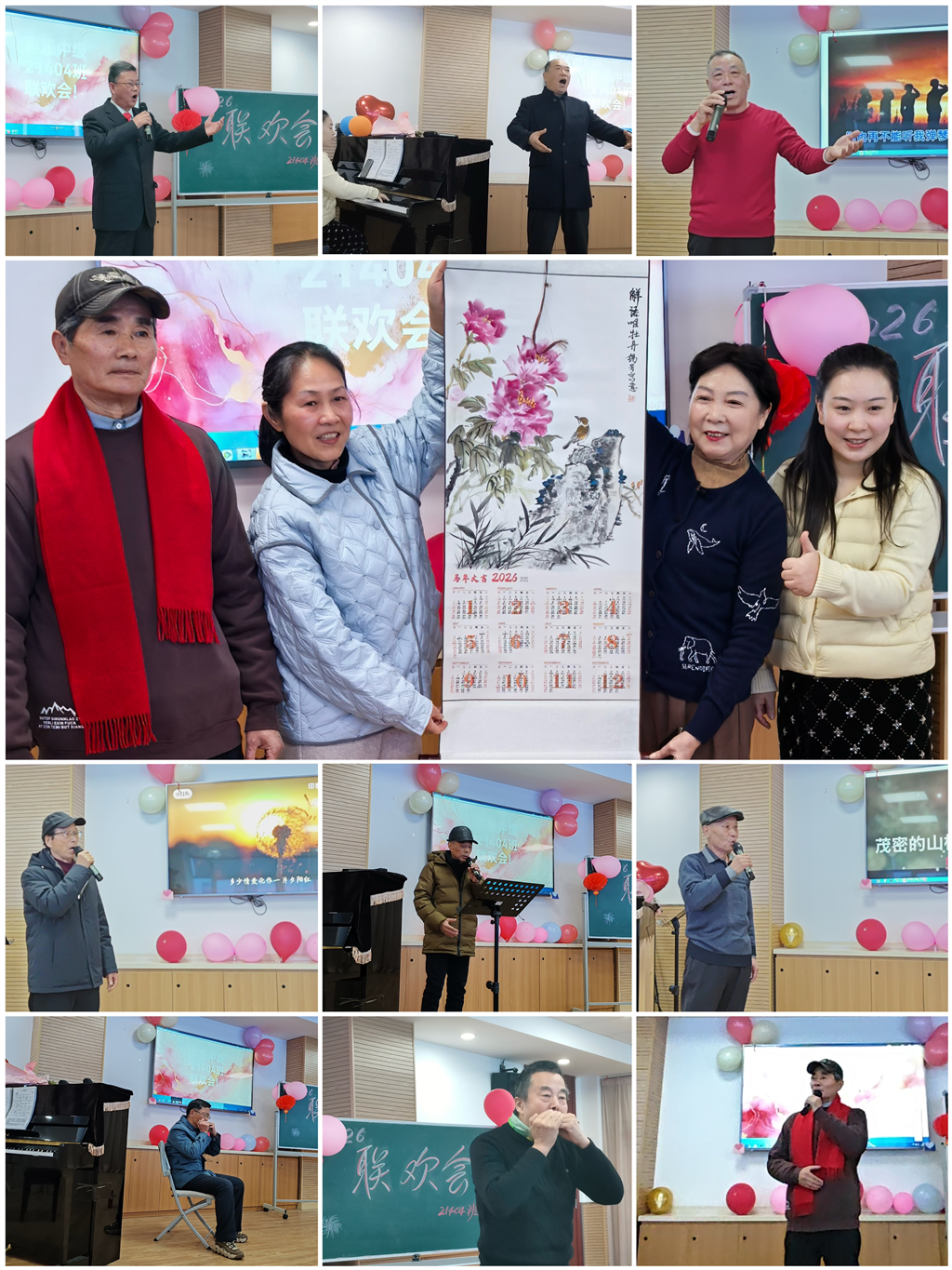 9点整,种丽华班长作为班级期末联欢会的主持人,第一个走上台,为同学们表演诗朗诵:从明天起,做一个幸福的人……海子写的一首诗《面朝大海,春暖花开》正式拉开2026联欢会序幕。紧接着,在同学们的掌声中,女生邵雪芳唱起了《晚风中的红树林》;在徐晨钰老师的钢琴伴奏中,男生薛玮同学用浑厚的声音独唱了本学期教的《白云故乡》,再一次把我们带回到对故乡的深深思念,在近现代艺术歌曲中大家感受了旋律的优美、节奏感的强烈,很强的感染力和共鸣。接着,张美珍同学的英文独唱《雪绒花》、毕剑军的《最美的歌唱给妈妈》》、张耀脐的独唱歌曲《怀念战友》……不知不觉的6个节目表演后,来到了第一轮互动抽奖环节(这是本学期特意增加的环节),主持人特地邀请同学恽锡芳上台为同学们抽奖 。因为这次联欢会的奖品均是由恽锡芳同学通过自己这几年勤奋学习绘画课,特地绘制的2026年年历画:“水墨丹清、富贵花开”等5幅作品,本次联欢会将它们作为奖品赠送给一起歌唱的班级同学们。
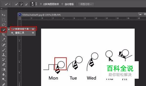 打开ps,打开自己想要上色的图。提示:填充颜色必须要先建立选区。顾名思义,就是先用ps软件选中自己想要填充颜色的那部分。找到“快速选择工具”,或者魔棒。这个工具适合背景色单调的颜色使用非常方便。如背景色是白色。
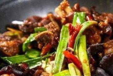 3、鍋中放少許香油燒熱,放入羊肉塊、辣條、青紅椒炒香,加鹽、雞精、味精炒香後放入幹鍋,撒上歐芹,我們上桌。

> **EXERCISE DESCRIPTION**
Your task is to repeat the data above exactly while excluding the pictures.

> **YOUR RESPONSE**
 9点整,种丽华班长作为班级期末联欢会的主持人,第一个走上台,为同学们表演诗朗诵:从明天起,做一个幸福的人……海子写的一首诗《面朝大海,春暖花开》正式拉开2026联欢会序幕。紧接着,在同学们的掌声中,女生邵雪芳唱起了《晚风中的红树林》;在徐晨钰老师的钢琴伴奏中,男生薛玮同学用浑厚的声音独唱了本学期教的《白云故乡》,再一次把我们带回到对故乡的深深思念,在近现代艺术歌曲中大家感受了旋律的优美、节奏感的强烈,很强的感染力和共鸣。接着,张美珍同学的英文独唱《雪绒花》、毕剑军的《最美的歌唱给妈妈》》、张耀脐的独唱歌曲《怀念战友》……不知不觉的6个节目表演后,来到了第一轮互动抽奖环节(这是本学期特意增加的环节),主持人特地邀请同学恽锡芳上台为同学们抽奖 。因为这次联欢会的奖品均是由恽锡芳同学通过自己这几年勤奋学习绘画课,特地绘制的2026年年历画:“水墨丹清、富贵花开”等5幅作品,本次联欢会将它们作为奖品赠送给一起歌唱的班级同学们。
 打开ps,打开自己想要上色的图。提示:填充颜色必须要先建立选区。顾名思义,就是先用ps软件选中自己想要填充颜色的那部分。找到“快速选择工具”,或者魔棒。这个工具适合背景色单调的颜色使用非常方便。如背景色是白色。
 3、鍋中放少許香油燒熱,放入羊肉塊、辣條、青紅椒炒香,加鹽、雞精、味精炒香後放入幹鍋,撒上歐芹,我們上桌。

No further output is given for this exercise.